The phone gets clipped into a sturdy protective hardcase, which is then mounted to your handlebars via a supplied bracket. I’ll let this chap called Josh tell you exactly how it works:
Together with Cyclemeter, I now have a nice clear display to glance at, at the end of the ride, I export the results to Strava. The dedicated Strava app is nice and clean, but a bit basic. I like the features of the Cyclemeter app, such as telling me how many calories I’ve burned (very motivating for me).
The main disadvantage of this setup is the overall size of the kit. While the iPhone itself isn’t that big, by the time it’s in the protective case it’s got added bulk.
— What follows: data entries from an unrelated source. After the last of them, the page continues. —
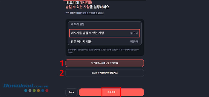 Đầu tiên, Colormytree sẽ hỏi mọi người muốn ai có thể để lại lời nhắn trên cây thông cho mình, click vào lựa chọn số 1 để bất kỳ ai cũng có thể gửi tin nhắn, chọn lựa chọn 2 nếu chỉ muốn người người đăng nhập tài khoản mới gửi được. Sau khi chọn xong, tiếp tục nhấn nút đỏ.
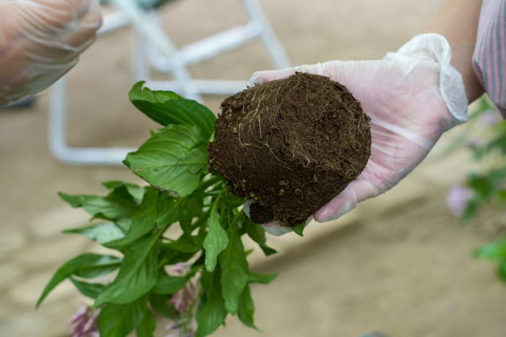 根がしっかり張っている苗は、軽くほぐしてから植え付けます。
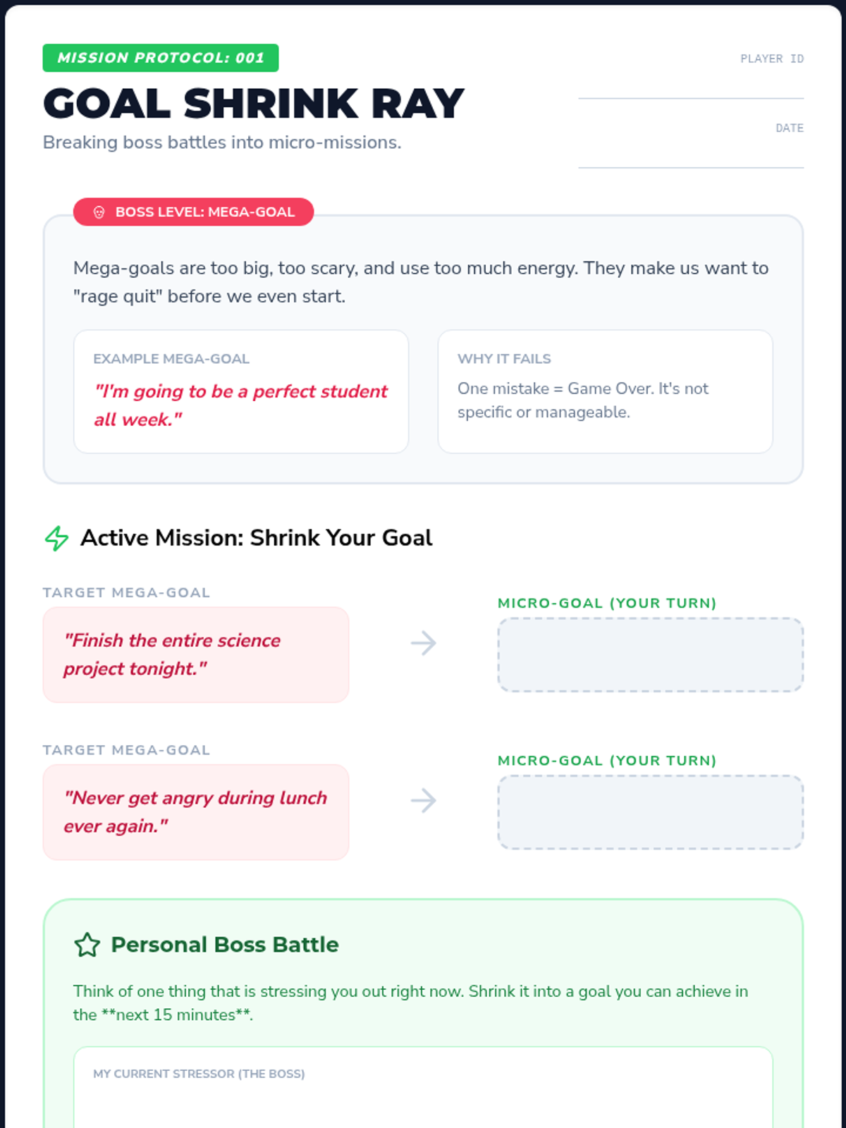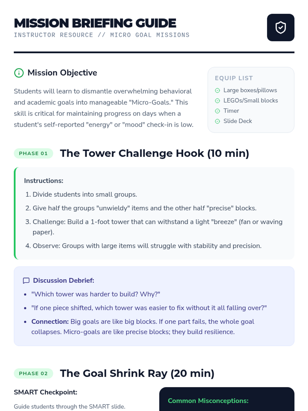 Students learn to break down larger tasks into tiny, manageable goals suitable for days when their check-in indicates low energy. They practice the SMART goal framework applied to behavioral regulation.

At least the case gives me confidence that if it does get dropped, the phone would survive.
I’ve managed to get mine mounted on my stem, so that it keeps it out of the way a bit, but there’s no getting over how much it much it dominates the handlebars compared to a dedicated unit like a Garmin. It might make you feel a bit self-conscious!
Other, minor, negatives points are that the home button is a stick-on dome of plastic, which fell off after a few weeks, just leaving the sticky pad. It still works though. Also, the bracket that you put on the bike doesn’t get absolutely tight. Just as you think it’s going to tighten, it loosens slightly again. So you have to tighten again, and stop just before it ‘snaps back’ to loose. However, I’ve not any problems with it falling off, or being wobbly.
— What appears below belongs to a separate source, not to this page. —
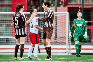 Erst am 5. Spieltag der Regionalliga Nord bekommen die 1. Frauen vom FC St. Pauli ein Heimspiel. Dies findet dann unter großer Zuschauerzahl ausgerechnet gegen die Tabellenführerinnen aus Henstedt-Ulzburg statt. Da das Team in braun-weiß aktuell Tabellenletzte ist, waren die Vorzeichen vor dem Spiel eigentlich klar. Es wurde ein gutes Spiel mit Chancen auf beiden Seiten, aber keinen Toren.
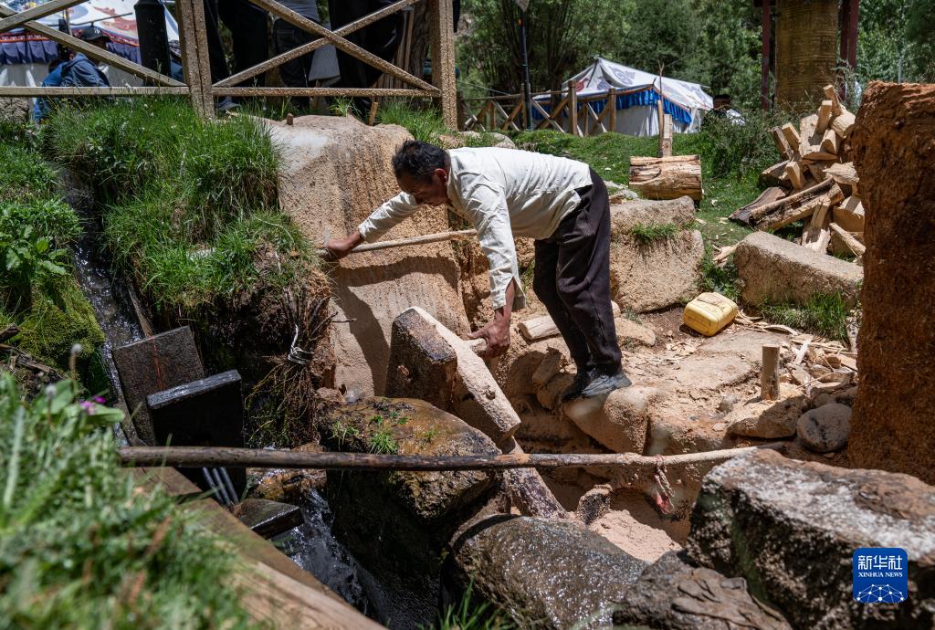 在西藏尼木縣吞巴鎮吞達村,次仁多吉在啟動水磨,將作為原料的柏木碾成木漿(6月9日攝)。

Another reason I got the mount, was that I fancied trying to shoot video to capture some of the picturesque parts of my rides (the case has a window for the lens). First of all, it’s a fiddle to get the bracket and phone in the right position so that the camera has a good landscape view, but it is possible. However, the iPhone camera just isn’t up to the job – the picture is just too shakey. There’s a lot of post-processing apps that will take out the shake, but they crop the image a lot. I did try an app called Steadylens, which works during recording, but that wasn’t much better. The overall effect is what I can only describe as ‘swirly and shimmery’ even at very slow speeds. As if its being viewed underwater:
I also noticed on still images, taken with the phone in the case, that it distorts the image towards the edges.
Despite the size, and other little niggles, the BikeMount, along with Cyclemeter, works really well, and do me just fine.